El tratamiento se centra en el manejo del dolor, la fatiga, la depresión y otros síntomas comunes de esta afección. Se busca evitar que el dolor disminuya la actividad física.

Debido a que los síntomas de la fibromialgia varían, es difícil juzgar si un tratamiento dado está funcionando bien. Cada persona responde de un modo. Además, muchos pacientes con fibromialgia padecen otras enfermedades articulares o musculares (como artritis reumatoide o lupus) que también necesitan ser tratadas.

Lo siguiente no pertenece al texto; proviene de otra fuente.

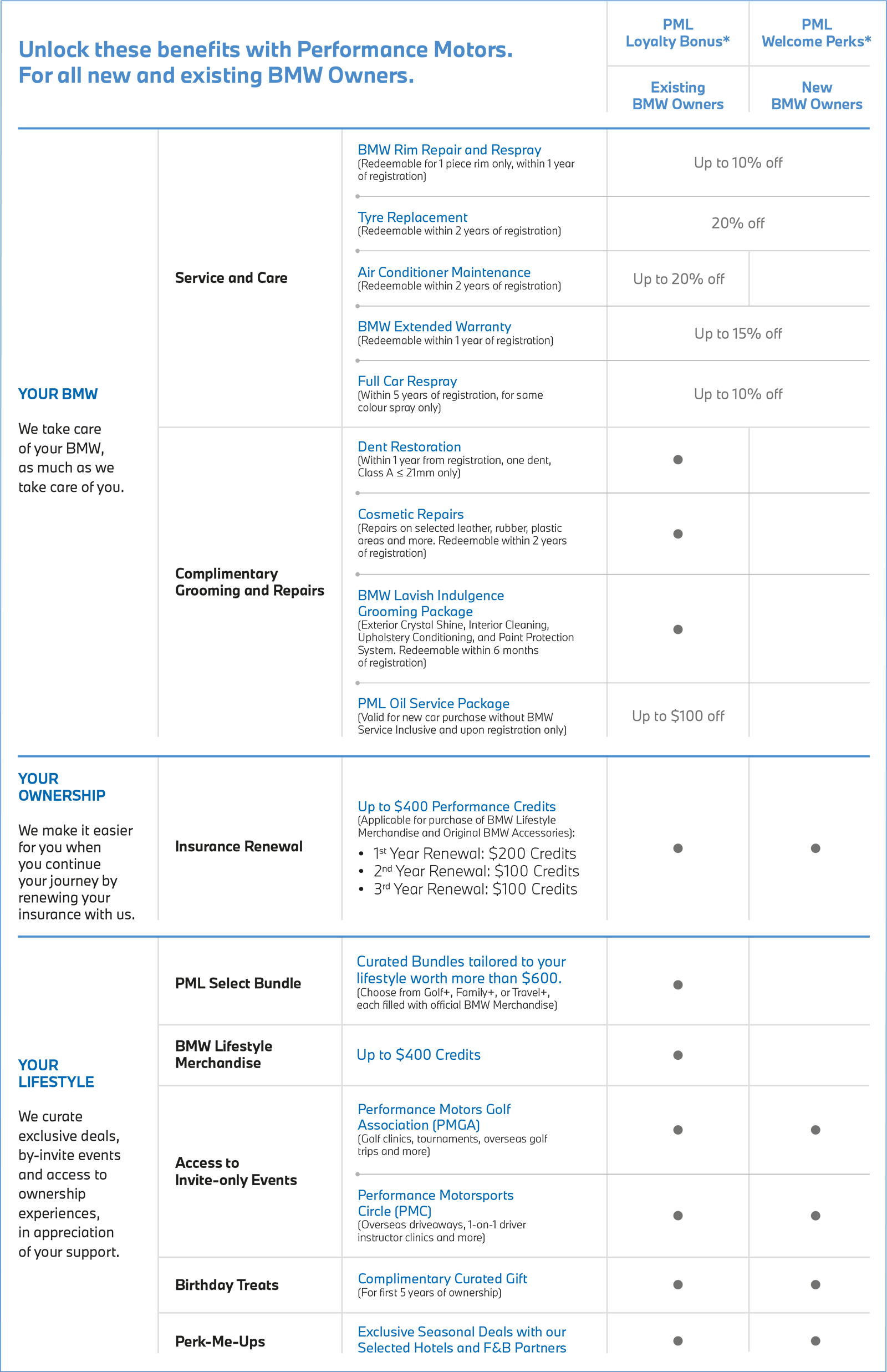 All new and existing BMW owners can enjoy the exclusivity of the PML Rewards when they purchase a new BMW from Performance Motors.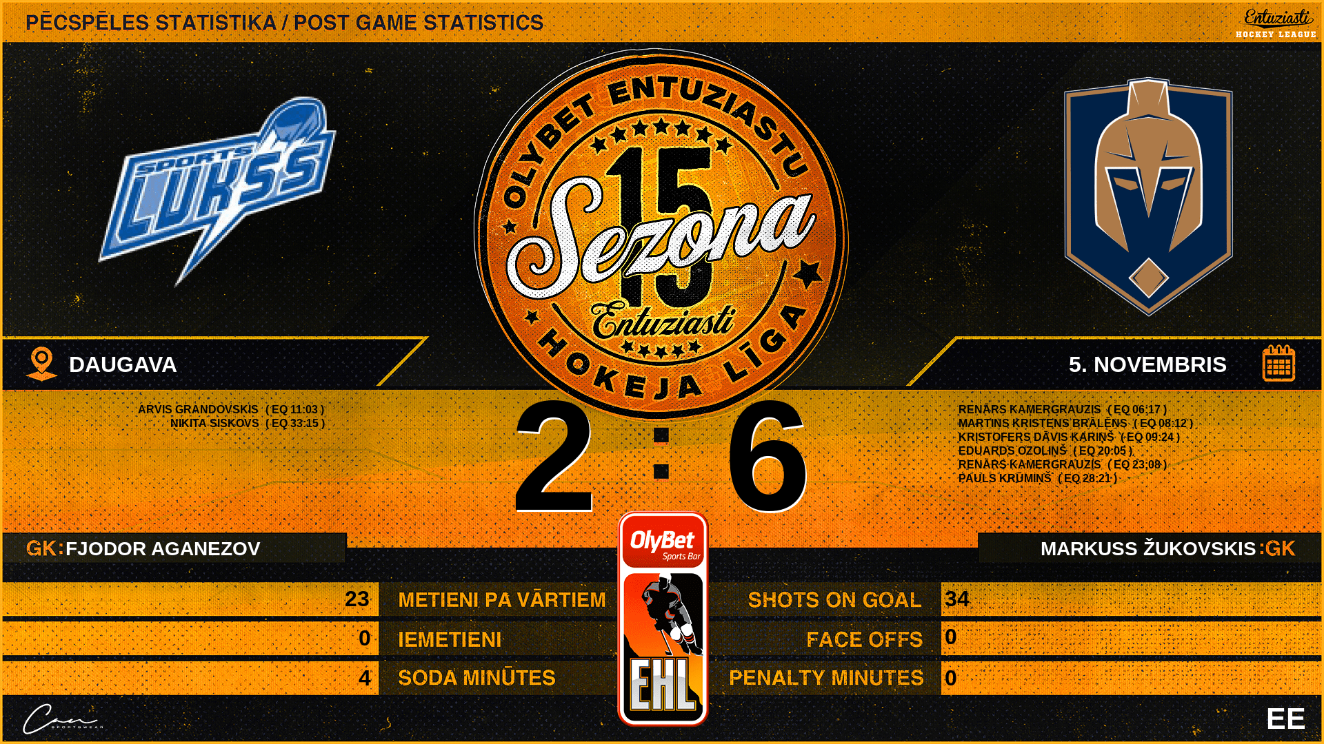 | 20:05 | VLM | Vārti (EQ) | #16 Eduards Ozoliņš, piespēles: #89 Kristofers Dāvis Kariņš |

En cualquier caso, conviene hacerse a la idea de que dar con la terapia adecuada puede llevar tiempo.

Ejercicio

Conseguir ejercicio regular, especialmente cardiovascular, es una de las mejores maneras de manejar la fibromialgia. El ejercicio de piscina, ya sea gimnasia o natación, es un buen ejemplo.

Es importante abordar el ejercicio lentamente para que el dolor no resulte excesivo.

Medicamentos

Los medicamentos pueden ayudar a dormir mejor, relajar lo músculos o aliviar el dolor muscular y articular. El médico puede recetar también antidepresivos, relajantes musculares y anticonvulsivos. Hasta puede hablar de calmantes sin receta.

No todos los pacientes los necesitarán, querrán o se beneficiarán de los medicamentos. Es posible que haya que probar más de un fármaco antes de dar con el que mejor funciona. También puede ocurrir que uno que ha dado buen resultado vaya perdiendo eficacia con el tiempo.

Autocuidados

Cuidarse es una parte importante del manejo de esta enfermedad. Por ejemplo, se puede:

  •     Identificar los problemas de sueño, si hay. Y buscar solución.
  •     Aliviar el dolor y la rigidez con medicamentos y calor.
  •     Identificar los «desencadenantes» que parecen empeorar los síntomas. Así se podrán evitar o, al menos, controlar. Puede ser un clima frío o húmedo, la falta de sueño, la fatiga, el estrés físico o emocional, o estar demasiado activo.
  •     Hablar con el médico si se tienen síntomas de depresión o ansiedad.